Ultimately, the banking architecture imposed by the 65C02’s limited addressing space was simply too unwieldy to make any reasonable amount of throughput possible with more than two or three processes running at the same time. While I had a multiuser, multitasking environment running on the thing—at one point I had four terminals connected and all functional, it was slower than a snake caught in a snowstorm. I discontinued the project after about two years of work. However, the experience was very useful.
That is pretty much what I'm expecting to find too, especially the bit about experience - I like the idea of making it work, and seeing what hardware augmentation is sufficient for it to work, but ultimately I think it is likely to give worse performance than a well-designed cooperative multitasking system would on similar hardware. Still I'm interested in seeing what can be achieved. I don't really have any specific use case in mind, or a problem on this sort of platform that I think only preemptive multitasking can solve - it's just a technical challenge, and interesting to see what I end up with in comparison to you, Andre, or others who've walked this path.
An advantage I think my system might have over what you were working with before is having a few specific hardware features designed specifically to support this. I think the way my supervisor mode switch works - especially the switch back to user mode - is just enough to be viable, and does not add much overhead to interrupt handling. Letting the kernel also choose to use another process's page mappings or its own - at least for the bottom 8 pages - while still remaining in supervisor mode, has also been useful, even though I didn't really plan for that - at one point whether or not supervisor mode was active dependeng on the active PID. I'm glad I made it a separate state in the end.
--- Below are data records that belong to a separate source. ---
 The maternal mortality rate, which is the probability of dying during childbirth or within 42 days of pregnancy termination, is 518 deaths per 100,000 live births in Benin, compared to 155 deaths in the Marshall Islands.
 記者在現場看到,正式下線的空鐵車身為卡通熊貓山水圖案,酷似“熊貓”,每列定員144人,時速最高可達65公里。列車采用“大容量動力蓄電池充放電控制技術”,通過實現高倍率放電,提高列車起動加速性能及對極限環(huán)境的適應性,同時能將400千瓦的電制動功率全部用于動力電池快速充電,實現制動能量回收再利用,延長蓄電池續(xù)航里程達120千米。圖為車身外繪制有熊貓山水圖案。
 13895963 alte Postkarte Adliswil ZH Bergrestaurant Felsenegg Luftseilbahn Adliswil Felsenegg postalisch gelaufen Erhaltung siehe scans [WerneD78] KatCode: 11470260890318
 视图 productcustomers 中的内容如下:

I also have way fewer interrupt sources! But less flexible hardware extensibility as a result.
A goal of mine with my POC unit is to write a preemptive kernel to run on it. In principle, that should be possible on POC V1.3, since all of the required hardware elements are there (plus it has a much more elegant IRQ hardware than did the Uni-FI unit). Also, given the 65C816’s design, the code required to effect a context switch becomes relatively simple and fast. A limitation will be that unit’s 112K of accessible RAM, which will constrain the number of processes that could be concurrently run. That could be overcome by using disk space to swap out idle processes, but would definitely put a kink in throughput if a lot of task switching occurs in a short period of time. A POC unit with more RAM is, of course, the obvious solution. 
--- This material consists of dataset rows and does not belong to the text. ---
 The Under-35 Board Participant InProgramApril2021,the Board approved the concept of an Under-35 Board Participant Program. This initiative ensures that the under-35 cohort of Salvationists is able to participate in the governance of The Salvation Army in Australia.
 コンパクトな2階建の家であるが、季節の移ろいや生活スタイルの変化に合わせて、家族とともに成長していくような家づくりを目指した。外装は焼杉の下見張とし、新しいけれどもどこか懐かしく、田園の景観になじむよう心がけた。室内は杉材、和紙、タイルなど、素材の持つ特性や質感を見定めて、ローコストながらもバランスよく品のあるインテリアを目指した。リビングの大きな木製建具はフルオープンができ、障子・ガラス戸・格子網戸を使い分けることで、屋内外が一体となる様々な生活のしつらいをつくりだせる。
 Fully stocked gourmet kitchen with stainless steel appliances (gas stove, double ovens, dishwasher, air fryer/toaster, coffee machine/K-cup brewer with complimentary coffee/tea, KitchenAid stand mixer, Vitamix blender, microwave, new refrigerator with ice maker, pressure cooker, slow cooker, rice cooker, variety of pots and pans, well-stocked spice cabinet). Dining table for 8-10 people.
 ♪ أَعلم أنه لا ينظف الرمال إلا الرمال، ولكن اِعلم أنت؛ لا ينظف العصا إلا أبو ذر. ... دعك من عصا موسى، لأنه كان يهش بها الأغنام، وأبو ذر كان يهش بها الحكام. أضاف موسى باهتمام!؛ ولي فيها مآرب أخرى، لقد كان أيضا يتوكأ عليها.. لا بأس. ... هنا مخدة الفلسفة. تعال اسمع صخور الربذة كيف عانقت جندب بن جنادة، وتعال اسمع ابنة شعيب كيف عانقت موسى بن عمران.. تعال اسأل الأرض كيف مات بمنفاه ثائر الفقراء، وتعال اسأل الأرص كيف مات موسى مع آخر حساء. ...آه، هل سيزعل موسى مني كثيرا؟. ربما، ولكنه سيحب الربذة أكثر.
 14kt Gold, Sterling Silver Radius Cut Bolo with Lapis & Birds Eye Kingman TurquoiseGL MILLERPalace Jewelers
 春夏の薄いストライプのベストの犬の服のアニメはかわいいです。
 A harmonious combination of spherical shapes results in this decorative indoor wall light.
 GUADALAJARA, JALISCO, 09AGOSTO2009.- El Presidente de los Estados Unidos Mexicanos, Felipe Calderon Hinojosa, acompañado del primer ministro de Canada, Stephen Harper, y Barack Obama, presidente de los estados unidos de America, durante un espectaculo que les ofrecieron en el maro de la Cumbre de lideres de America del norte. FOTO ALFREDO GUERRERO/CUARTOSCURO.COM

For this system I was originally going to have 544K total RAM, but I couldn't bring myself to have less than an old DOS system, so I upped it to 1MB. I figured a system like this ought to have enough RAM that the POST check takes a while! I won't ever be able to support virtual memory paged to disk, as that seems to require a better processor or a coprocessor, neither of which I want to do.
Though having a second CPU running processes in parallel, from the same memory and process pool, would be an interesting feature in a "version 2" of this design.
Now progress updates - I got buffered serial I/O working in both directions, with getchar and putchar system calls - this was fairly simple. I had to do something about blocking - either for when the buffer was full, or when there was no data to read yet. Initially I went ahead with my plan to edit the process's return address on the stack to cause the syscall to run again, and put the process to the back of the queue - with a view to, in future, having a way to mark it as blocked and only unblock in when whatever is blocking it is resolved. But I haven't thought that through yet so I just put it at the back of the queue.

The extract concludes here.